*Exercise:*
Each line from the one with "- Top stacked" to the final line of the data must be reproduced exactly, and no other line may appear.

*Material provided:*
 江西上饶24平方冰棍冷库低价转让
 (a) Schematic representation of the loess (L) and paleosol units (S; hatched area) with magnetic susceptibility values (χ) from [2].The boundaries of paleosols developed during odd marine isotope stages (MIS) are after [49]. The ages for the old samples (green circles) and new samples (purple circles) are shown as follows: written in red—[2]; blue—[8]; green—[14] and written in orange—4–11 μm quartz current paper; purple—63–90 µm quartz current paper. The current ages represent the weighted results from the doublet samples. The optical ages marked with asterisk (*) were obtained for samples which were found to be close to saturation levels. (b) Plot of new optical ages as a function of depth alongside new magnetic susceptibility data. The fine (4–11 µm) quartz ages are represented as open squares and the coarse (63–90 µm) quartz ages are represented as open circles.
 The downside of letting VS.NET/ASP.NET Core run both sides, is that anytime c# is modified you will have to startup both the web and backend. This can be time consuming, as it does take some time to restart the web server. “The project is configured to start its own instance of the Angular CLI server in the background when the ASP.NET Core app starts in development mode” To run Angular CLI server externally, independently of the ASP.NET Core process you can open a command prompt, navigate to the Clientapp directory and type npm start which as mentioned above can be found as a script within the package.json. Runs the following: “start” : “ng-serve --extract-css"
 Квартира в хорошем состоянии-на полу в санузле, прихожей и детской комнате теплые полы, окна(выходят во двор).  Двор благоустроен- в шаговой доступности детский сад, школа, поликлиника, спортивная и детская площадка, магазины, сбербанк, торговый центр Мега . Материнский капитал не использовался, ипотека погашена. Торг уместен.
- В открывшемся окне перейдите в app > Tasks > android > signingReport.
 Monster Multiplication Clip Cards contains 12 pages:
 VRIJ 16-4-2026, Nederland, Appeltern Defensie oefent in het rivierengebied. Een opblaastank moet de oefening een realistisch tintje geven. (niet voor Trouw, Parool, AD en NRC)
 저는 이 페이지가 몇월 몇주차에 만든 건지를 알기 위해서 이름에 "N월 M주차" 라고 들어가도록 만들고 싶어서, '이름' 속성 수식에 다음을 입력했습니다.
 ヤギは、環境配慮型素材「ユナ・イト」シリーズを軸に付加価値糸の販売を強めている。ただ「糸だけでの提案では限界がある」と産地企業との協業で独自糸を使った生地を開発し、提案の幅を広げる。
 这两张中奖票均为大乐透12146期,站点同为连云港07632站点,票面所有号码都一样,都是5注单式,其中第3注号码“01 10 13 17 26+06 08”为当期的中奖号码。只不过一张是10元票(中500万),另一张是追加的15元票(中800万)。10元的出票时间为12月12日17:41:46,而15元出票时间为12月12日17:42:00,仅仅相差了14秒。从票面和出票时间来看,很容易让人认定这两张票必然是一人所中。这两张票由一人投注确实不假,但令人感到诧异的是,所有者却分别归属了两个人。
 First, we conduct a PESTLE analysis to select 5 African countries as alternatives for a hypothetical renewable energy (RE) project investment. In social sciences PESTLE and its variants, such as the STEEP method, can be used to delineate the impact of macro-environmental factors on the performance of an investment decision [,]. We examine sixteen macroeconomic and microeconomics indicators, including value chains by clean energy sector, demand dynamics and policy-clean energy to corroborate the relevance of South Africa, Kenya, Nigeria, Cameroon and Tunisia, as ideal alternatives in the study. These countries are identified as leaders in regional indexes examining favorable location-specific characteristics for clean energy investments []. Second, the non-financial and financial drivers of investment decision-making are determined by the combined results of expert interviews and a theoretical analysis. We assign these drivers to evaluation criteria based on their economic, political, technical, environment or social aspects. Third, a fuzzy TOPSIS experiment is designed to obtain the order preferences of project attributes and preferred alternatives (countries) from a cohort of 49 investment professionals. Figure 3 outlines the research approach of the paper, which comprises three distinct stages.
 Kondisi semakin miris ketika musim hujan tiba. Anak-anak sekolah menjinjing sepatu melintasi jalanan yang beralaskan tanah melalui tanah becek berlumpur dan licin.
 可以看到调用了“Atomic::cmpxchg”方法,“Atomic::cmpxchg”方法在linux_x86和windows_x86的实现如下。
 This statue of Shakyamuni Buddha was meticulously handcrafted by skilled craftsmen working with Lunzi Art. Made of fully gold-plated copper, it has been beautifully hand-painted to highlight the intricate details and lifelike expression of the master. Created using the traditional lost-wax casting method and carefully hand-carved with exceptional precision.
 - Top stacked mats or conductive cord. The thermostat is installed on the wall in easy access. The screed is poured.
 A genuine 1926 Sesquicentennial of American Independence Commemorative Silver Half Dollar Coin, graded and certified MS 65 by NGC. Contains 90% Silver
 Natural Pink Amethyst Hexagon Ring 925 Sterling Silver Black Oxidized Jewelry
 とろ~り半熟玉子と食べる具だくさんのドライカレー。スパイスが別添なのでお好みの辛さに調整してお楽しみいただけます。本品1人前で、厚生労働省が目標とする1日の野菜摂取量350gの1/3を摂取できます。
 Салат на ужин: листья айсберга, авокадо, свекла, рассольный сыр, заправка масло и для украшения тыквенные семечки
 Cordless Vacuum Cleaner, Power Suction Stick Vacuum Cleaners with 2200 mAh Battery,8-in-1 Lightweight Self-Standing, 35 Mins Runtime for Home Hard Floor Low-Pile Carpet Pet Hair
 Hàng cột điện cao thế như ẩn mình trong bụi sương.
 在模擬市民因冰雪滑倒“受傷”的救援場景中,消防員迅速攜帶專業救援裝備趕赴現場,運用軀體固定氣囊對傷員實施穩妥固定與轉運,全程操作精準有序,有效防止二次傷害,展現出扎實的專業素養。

*Answer to the problem:*
 - Top stacked mats or conductive cord. The thermostat is installed on the wall in easy access. The screed is poured.
 A genuine 1926 Sesquicentennial of American Independence Commemorative Silver Half Dollar Coin, graded and certified MS 65 by NGC. Contains 90% Silver
 Natural Pink Amethyst Hexagon Ring 925 Sterling Silver Black Oxidized Jewelry
 とろ~り半熟玉子と食べる具だくさんのドライカレー。スパイスが別添なのでお好みの辛さに調整してお楽しみいただけます。本品1人前で、厚生労働省が目標とする1日の野菜摂取量350gの1/3を摂取できます。
 Салат на ужин: листья айсберга, авокадо, свекла, рассольный сыр, заправка масло и для украшения тыквенные семечки
 Cordless Vacuum Cleaner, Power Suction Stick Vacuum Cleaners with 2200 mAh Battery,8-in-1 Lightweight Self-Standing, 35 Mins Runtime for Home Hard Floor Low-Pile Carpet Pet Hair
 Hàng cột điện cao thế như ẩn mình trong bụi sương.
 在模擬市民因冰雪滑倒“受傷”的救援場景中,消防員迅速攜帶專業救援裝備趕赴現場,運用軀體固定氣囊對傷員實施穩妥固定與轉運,全程操作精準有序,有效防止二次傷害,展現出扎實的專業素養。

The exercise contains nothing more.